There is no Fourth Amendment to the Constitution, for all practical purposes. Don’t believe me — next time you’re pulled over and get asked by the police if they can search your car, say “No”, and see what happens. (There’s a circular firing squad in this equation, where the Supreme Court ruled long ago that an answer of “no” to such a question does indeed constituate that probable cause standard by which they may search you.)

Maybe I’m pushing it a little too far here, but maybe I’m not. There is this advertisement on the radio that has annoyed me for the past couple of years…

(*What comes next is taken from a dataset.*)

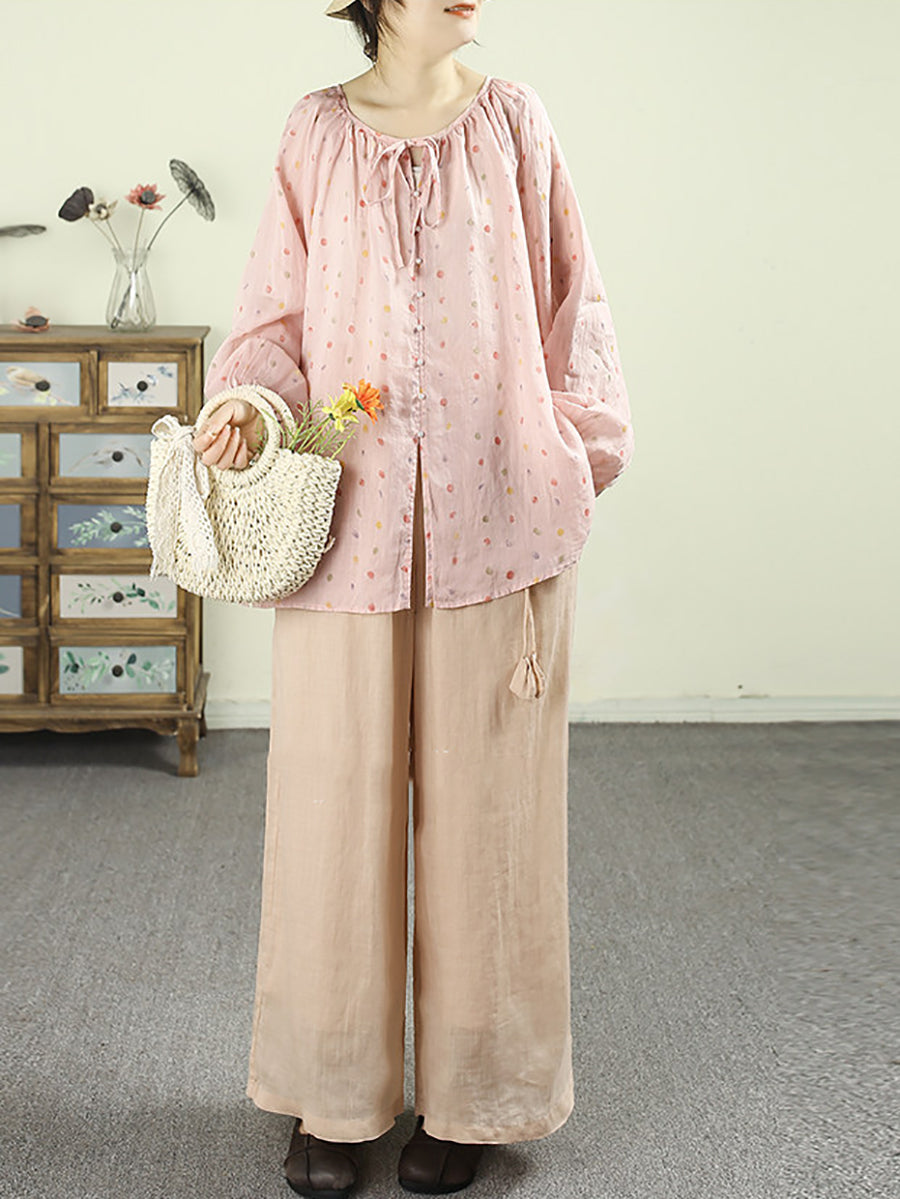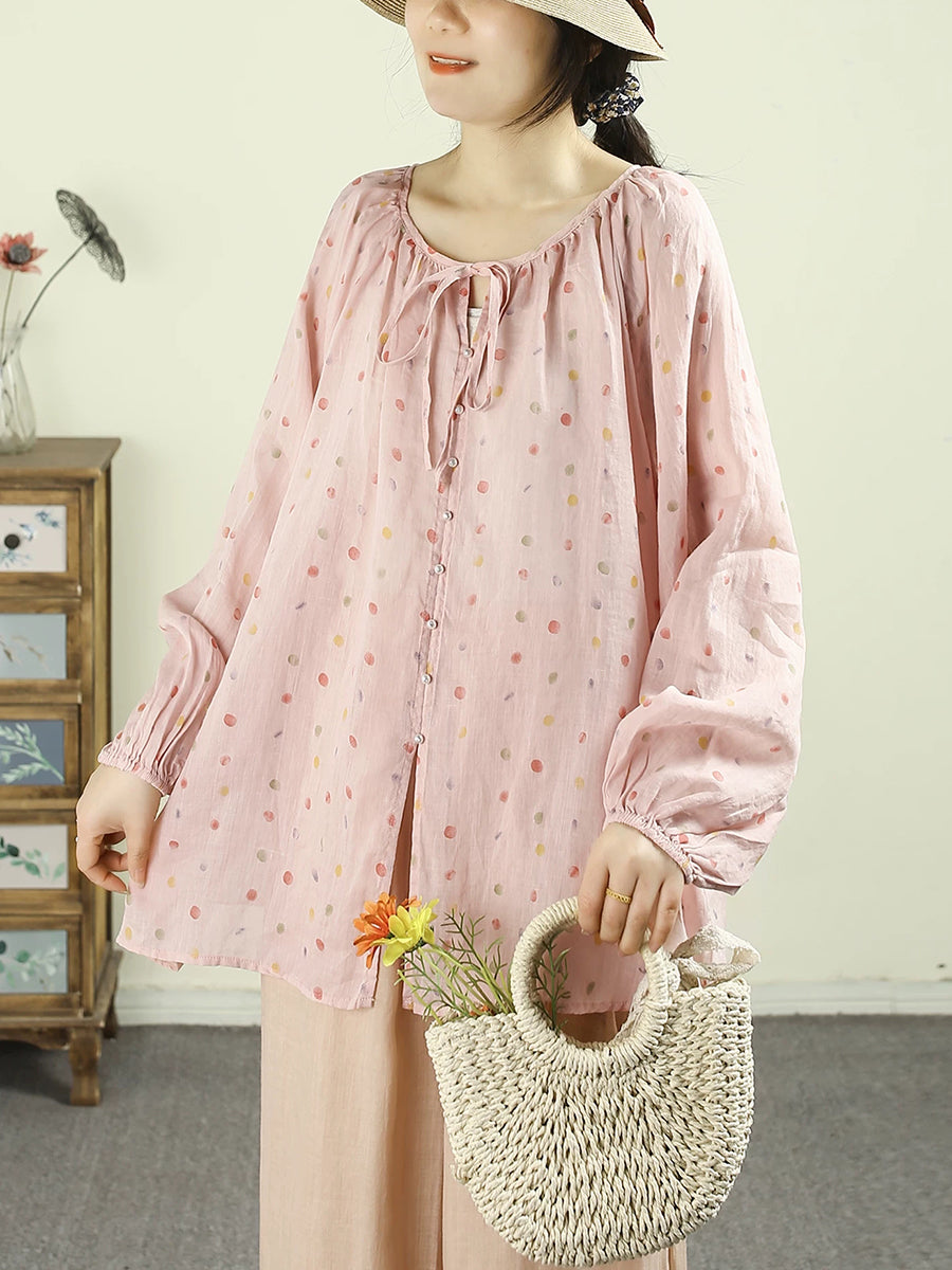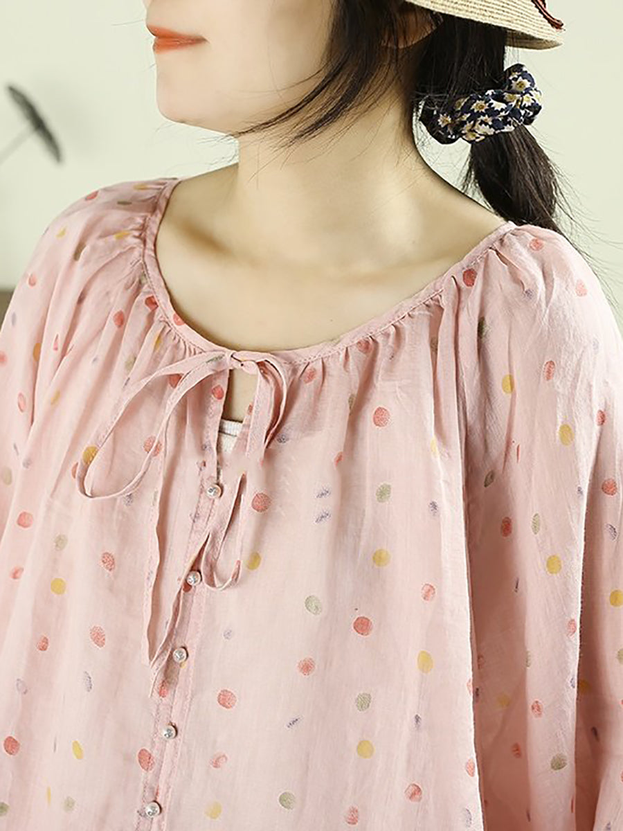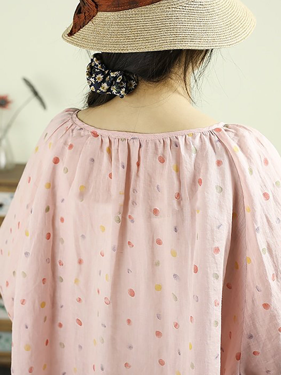Women Artsy Spring Dot O-Neck 100%Ramie Shirt

A 30-second national radio advertisement used the voice of a 20s male with music throughout: “All right, everybody knows “seat belts save lives,” I mean we’ve been hearing that for years – I’m just tellin’ ya your seat belt can save your money and a whole lot of hassle too. Because from coast to coast, cops are cracking down. They have this whole…campaign—“Click It or Ticket.” Pretty simple, you buckle up…or you pay up. Consider this a friendly warning, because cops won’t be giving warnings. Remember, Click It…or Ticket.

The line that chills me regarding this ad, and I’m not entirely sure the Police Association behind the advertisement even realize that they slipped this suggestion through: I’m just tellin’ ya your seat belt can save your money — What this suggests is that the DEFAULT POSITION has you giving money to the government, the police state, what have you… and you get a reprieve from this if you follow through the government’s orders / requests. Otherwise, how are you “saving money”?

Porno for Pyros

Wednesday, November 2nd, 2005

Bill O’Reilly:

Stripping off her bathing-suit, she walked into the huge shower. She pulled the lime green curtain across the entrance and then set the water for a tepid 75-degrees. The spray felt great against her skin as she ducked her head underneath the nozzle. Closing her eyes she concentrated on the tingling sensation of water flowing against her body. Suddenly another sensation entered, Ashley felt two large hands wrap themselves around her breasts and hot breathe on the back of her neck. She opened her eyes wide and giggled, “I thought you drowned out there snorkel man.”

Tommy O’Malley was naked and at attention. “Drowning is not an option”, he said, “unless of course you beg me to perform unnatural acts – right here in this shower.

With Bill O’Reilly, we can compare and contrast his prose style with his phone sex style, thanks to that sexual harrassment suit that was tossed his way a couple years back. The sex life of Tommy O’Malley really does mirror the sexual fantasy life of Bill O’Reilly.

Anyway, from the gripping world of Tabloid Television to the political intrigue found in 1903 Japan… Lewis Libby wrote a novel.

He could feel her heart beneath his hands. He moved his hands slowly lower still and she arched her back to help him and her lower leg came against his. He held her breasts in his hands. Oddly, he thought, the lower one might be larger. . . . One of her breasts now hung loosely in his hand near his face and he knew not how best to touch her.

The breasts don’t properly match? Whose fetish is that?

At age ten the madam put the child in a cage with a bear trained to couple with young girls so the girls would be frigid and not fall in love with their patrons. They fed her through the bars and aroused the bear with a stick when it seemed to lose interest.

Life in rural Japan in 1903 must be pretty similar to the life that Neal Horsley lived growing on the farm in Georgia, as evidenced by:

He asked if they should fuck the deer.

As That New Yorker article tells us, the answer is “yes.”

We can put aside shower scenes and Japanese provincal bestiality and, thankfully Lynne Cheney contents herself with Frontier Lesbianism, which we all know about by now.

What does this all mean? I don’t have a clue.